The phrase “on sale” in AIA 35 U.S.C. 102(a)(1) is treated as having the same meaning as “on sale” in pre-AIA 35 U.S.C. 102(b), except that the sale must make the invention available to the public.

MPEP §2152.02(d) (emphasis added). The USPTO argued at the Federal Circuit in support of Helsinn’s arguments, which were rejected. The Helsinn ruling places the USPTO in the difficult position of deciding whether to continue to apply its stated position or whether to change its position to align with the Federal Circuit in the near term. Nonetheless, the USPTO is likely to defer its decision on the matter until all appeals in the Helsinn case have been exhausted.

If the Helsinn ruling stands after all appeals are exhausted, the USPTO’s position would become obsolete. In addition, it would call into question the validity of any patents relying on the USPTO’s understanding of the on-sale bar.

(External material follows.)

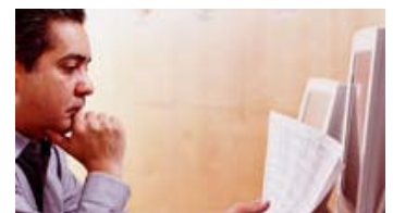
The first year the credit may be claimed is 2005.

“Anyone claiming the credit must submit an annual report to the Department of Revenue...”
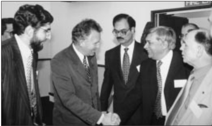
Mr Hain being introduced to MCB members

Peter Hain MP, the newly appointed Foreign Office minister was the chief guest at a Reception organised by the MCB at the Commonwealth Institute on November 4th, 1999. The reception was attended by a cross section of the Muslim community, senior members from Government departments and prominent Muslim politicians and community leaders. (A detailed report will appear in the next issue of the newsletter insha Allah ).

With respect to sales that are secret, there is no clarity on whether the AIA on-sale bar can apply because the Federal Circuit declined to address that situation. Interestingly, the MPEP also states the USPTO’s position regarding AIA on-sale bars to sales that are secret:

AIA 35 U.S.C. 102(a)(1) uses the same “on sale” term as pre-AIA 35 U.S.C. 102(b). The “or otherwise available to the public” residual clause of AIA 35 U.S.C. 102(a)(1), however, indicates that AIA 35 U.S.C. 102(a)(1) does not cover secret sales or offers for sale. For example, an activity (such as a sale, offer for sale, or other commercial activity) is secret (non-public) if it is among individuals having an obligation of confidentiality to the inventor.

MPEP §2152.02(d) (emphasis added). The secret sale issue remains open for litigation. Applicants, patent owners, and practitioners will be interested to see how secret sales are handled by the USPTO and courts in the meantime.


The Helsinn decision informs us that the AIA on-sale bar can apply to all public sales, whether or not the terms of a public sale disclose details of the invention. But, it is not yet clear whether the AIA on-sale bar can apply to secret sales. Assuming Helsinn stands, applicants and practitioners should understand that a public sale (or an offer to sell) starts the clock ticking on the one-year grace period. Conservative practitioners may adopt a similar view even when a sale (or offer to sell) remains secret to avoid being susceptible to the AIA on-sale bar, at least until a future case clarifies otherwise.